• **Task requirements**: From the entries below, print exactly the span beginning with the line holding "Multi Colour Cubic" and ending with the line holding "ネオン風動く顔文字スタンプで", endpoints included, and skip any pictures.

• **Input material**:
------------------------------

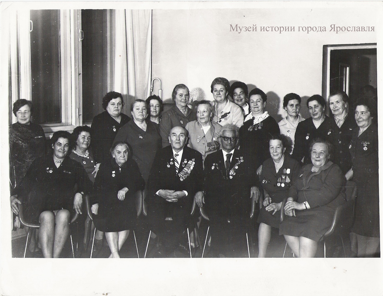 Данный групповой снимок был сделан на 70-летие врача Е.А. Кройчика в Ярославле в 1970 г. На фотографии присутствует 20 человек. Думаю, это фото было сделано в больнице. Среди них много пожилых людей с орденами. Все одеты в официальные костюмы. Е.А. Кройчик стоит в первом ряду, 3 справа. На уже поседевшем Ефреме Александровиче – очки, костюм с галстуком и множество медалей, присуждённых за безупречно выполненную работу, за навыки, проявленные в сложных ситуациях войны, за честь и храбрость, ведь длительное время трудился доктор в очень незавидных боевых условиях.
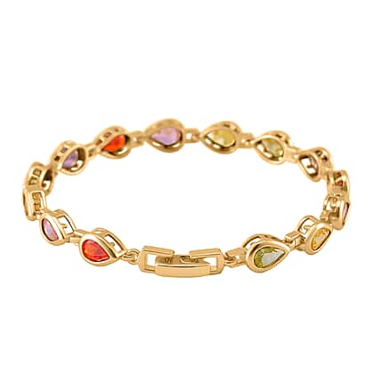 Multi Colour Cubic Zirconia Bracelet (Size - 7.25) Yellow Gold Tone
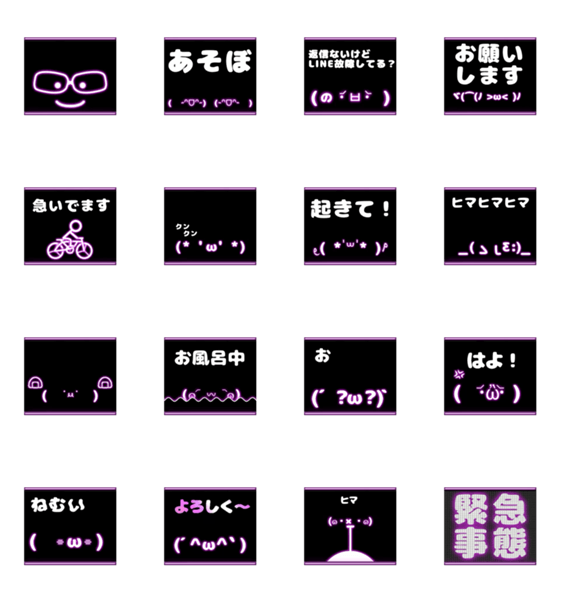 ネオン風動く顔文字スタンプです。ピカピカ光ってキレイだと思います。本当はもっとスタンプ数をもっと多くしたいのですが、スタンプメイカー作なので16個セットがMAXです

------------------------------

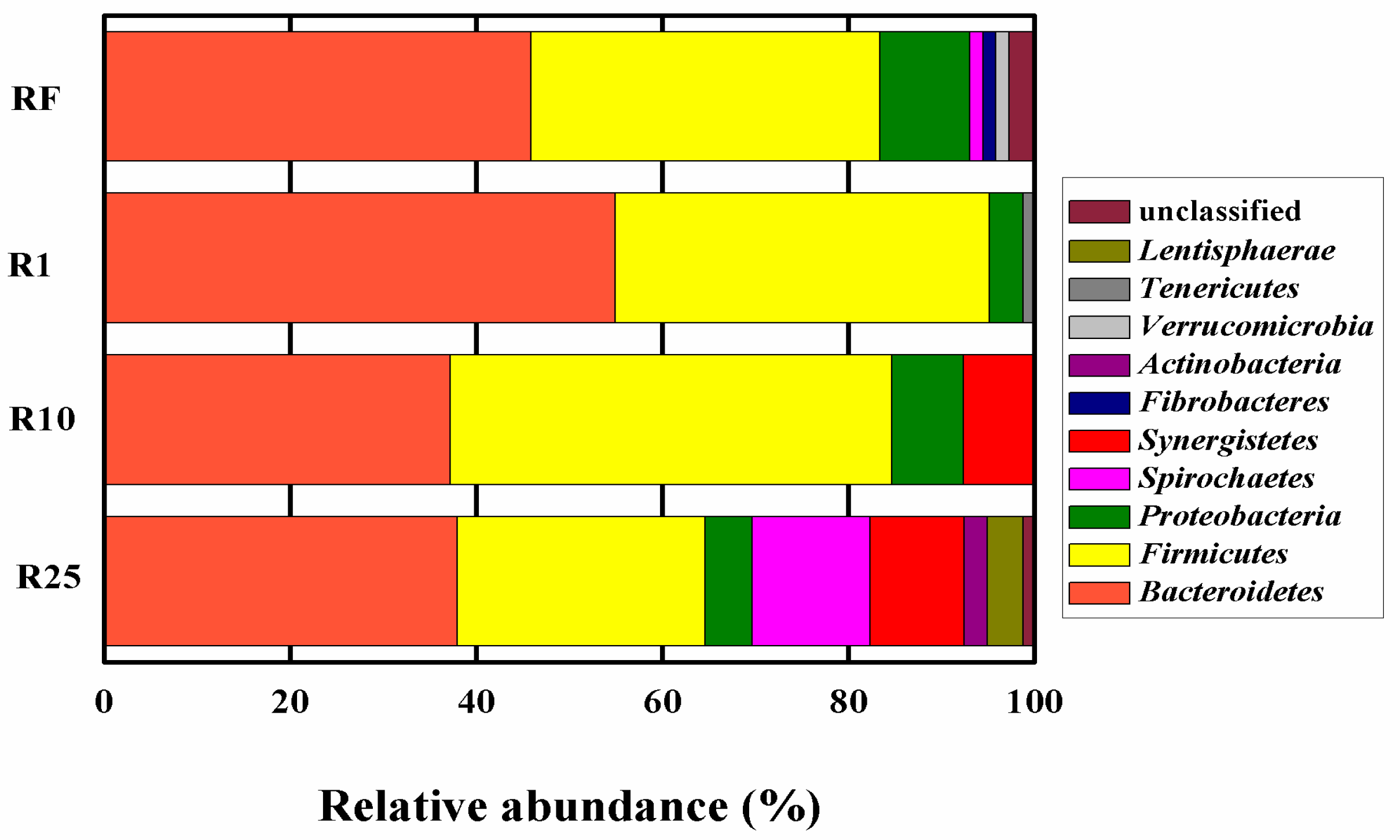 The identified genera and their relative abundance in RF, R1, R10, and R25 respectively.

------------------------------

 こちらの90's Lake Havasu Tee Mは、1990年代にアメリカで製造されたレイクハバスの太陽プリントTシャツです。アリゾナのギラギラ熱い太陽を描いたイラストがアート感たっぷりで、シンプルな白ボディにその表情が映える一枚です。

------------------------------

• **Reply**:
 Multi Colour Cubic Zirconia Bracelet (Size - 7.25) Yellow Gold Tone
 ネオン風動く顔文字スタンプです。ピカピカ光ってキレイだと思います。本当はもっとスタンプ数をもっと多くしたいのですが、スタンプメイカー作なので16個セットがMAXです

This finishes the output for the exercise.